- _What is required_: Repeat exactly, and only, the lines of the entries below from the one with "Un total de" through the one with "With a classic", both ends included.

- _Supplied information_:
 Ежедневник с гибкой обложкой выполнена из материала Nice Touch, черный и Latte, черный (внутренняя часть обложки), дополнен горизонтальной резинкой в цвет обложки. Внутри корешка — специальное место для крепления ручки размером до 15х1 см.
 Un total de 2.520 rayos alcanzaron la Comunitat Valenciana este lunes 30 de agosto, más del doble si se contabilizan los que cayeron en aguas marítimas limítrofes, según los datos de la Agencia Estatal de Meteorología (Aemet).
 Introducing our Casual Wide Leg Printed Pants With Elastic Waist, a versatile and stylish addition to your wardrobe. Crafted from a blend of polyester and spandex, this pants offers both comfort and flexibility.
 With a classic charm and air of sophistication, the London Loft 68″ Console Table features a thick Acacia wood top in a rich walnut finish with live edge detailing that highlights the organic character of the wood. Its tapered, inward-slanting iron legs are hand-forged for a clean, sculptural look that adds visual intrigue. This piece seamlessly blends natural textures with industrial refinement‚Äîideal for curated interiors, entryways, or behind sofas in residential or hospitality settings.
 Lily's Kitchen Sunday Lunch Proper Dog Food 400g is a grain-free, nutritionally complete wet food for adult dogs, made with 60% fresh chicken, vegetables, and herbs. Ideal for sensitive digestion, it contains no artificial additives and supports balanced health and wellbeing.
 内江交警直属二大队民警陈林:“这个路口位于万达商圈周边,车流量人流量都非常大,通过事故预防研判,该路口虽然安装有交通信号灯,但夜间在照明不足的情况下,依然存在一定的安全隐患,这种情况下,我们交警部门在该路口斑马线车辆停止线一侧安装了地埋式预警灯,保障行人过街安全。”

---

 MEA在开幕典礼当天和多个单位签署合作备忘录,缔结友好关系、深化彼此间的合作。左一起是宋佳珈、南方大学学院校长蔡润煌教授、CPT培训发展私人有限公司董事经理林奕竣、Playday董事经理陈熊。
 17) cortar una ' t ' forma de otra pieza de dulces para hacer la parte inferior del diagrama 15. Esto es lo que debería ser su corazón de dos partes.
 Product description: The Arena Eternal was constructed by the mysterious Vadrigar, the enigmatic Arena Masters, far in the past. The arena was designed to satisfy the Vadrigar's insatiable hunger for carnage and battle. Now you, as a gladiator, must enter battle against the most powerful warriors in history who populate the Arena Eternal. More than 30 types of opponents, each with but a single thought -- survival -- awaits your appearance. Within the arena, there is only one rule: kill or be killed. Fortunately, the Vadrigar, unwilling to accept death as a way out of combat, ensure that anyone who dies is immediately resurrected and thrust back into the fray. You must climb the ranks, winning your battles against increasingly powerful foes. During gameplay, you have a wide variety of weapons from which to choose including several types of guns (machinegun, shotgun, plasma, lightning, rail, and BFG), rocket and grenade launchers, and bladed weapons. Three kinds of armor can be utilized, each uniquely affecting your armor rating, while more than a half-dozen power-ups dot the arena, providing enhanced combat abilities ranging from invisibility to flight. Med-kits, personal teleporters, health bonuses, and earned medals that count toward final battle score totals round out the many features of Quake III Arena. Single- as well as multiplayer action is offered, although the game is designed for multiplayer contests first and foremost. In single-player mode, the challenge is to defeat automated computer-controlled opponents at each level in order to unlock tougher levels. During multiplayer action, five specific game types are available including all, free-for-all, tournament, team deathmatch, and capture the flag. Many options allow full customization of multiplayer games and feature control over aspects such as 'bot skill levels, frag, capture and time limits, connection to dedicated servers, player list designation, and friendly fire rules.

...

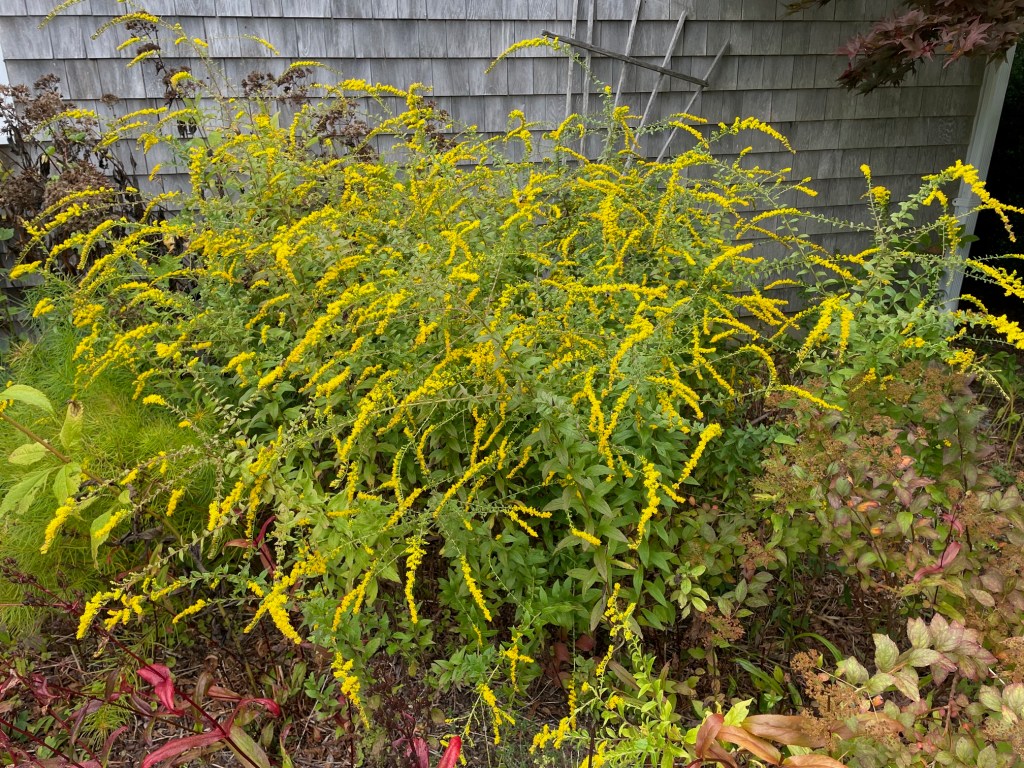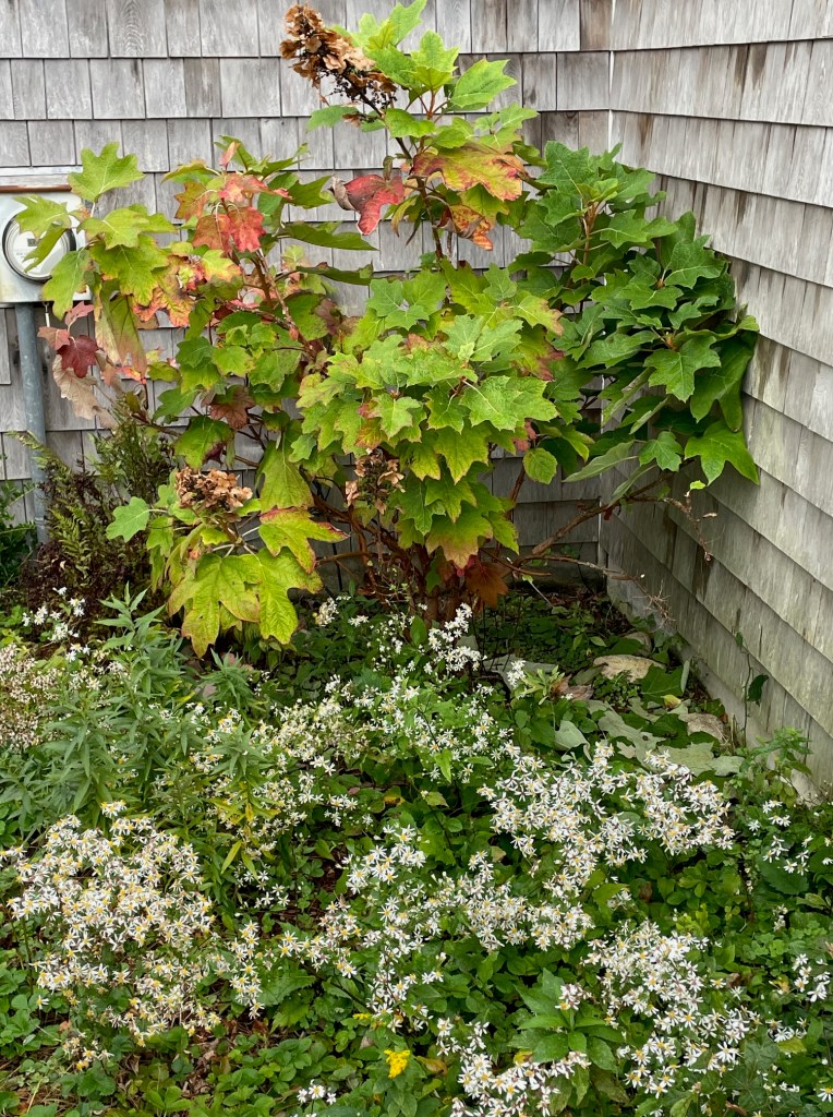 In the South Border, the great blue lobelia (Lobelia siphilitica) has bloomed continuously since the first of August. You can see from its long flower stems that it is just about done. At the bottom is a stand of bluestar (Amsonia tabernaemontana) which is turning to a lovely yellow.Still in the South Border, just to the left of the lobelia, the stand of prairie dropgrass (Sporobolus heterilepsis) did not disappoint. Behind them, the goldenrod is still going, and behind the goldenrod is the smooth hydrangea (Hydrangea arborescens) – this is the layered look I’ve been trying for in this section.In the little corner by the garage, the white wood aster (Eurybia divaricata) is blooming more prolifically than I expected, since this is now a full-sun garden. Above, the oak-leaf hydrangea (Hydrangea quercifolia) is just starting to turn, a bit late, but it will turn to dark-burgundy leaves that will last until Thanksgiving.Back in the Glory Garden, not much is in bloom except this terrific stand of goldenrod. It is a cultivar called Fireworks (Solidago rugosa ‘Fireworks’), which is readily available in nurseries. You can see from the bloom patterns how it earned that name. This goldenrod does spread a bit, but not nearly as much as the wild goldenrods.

- _Answer for this exercise_:
 Un total de 2.520 rayos alcanzaron la Comunitat Valenciana este lunes 30 de agosto, más del doble si se contabilizan los que cayeron en aguas marítimas limítrofes, según los datos de la Agencia Estatal de Meteorología (Aemet).
 Introducing our Casual Wide Leg Printed Pants With Elastic Waist, a versatile and stylish addition to your wardrobe. Crafted from a blend of polyester and spandex, this pants offers both comfort and flexibility.
 With a classic charm and air of sophistication, the London Loft 68″ Console Table features a thick Acacia wood top in a rich walnut finish with live edge detailing that highlights the organic character of the wood. Its tapered, inward-slanting iron legs are hand-forged for a clean, sculptural look that adds visual intrigue. This piece seamlessly blends natural textures with industrial refinement‚Äîideal for curated interiors, entryways, or behind sofas in residential or hospitality settings.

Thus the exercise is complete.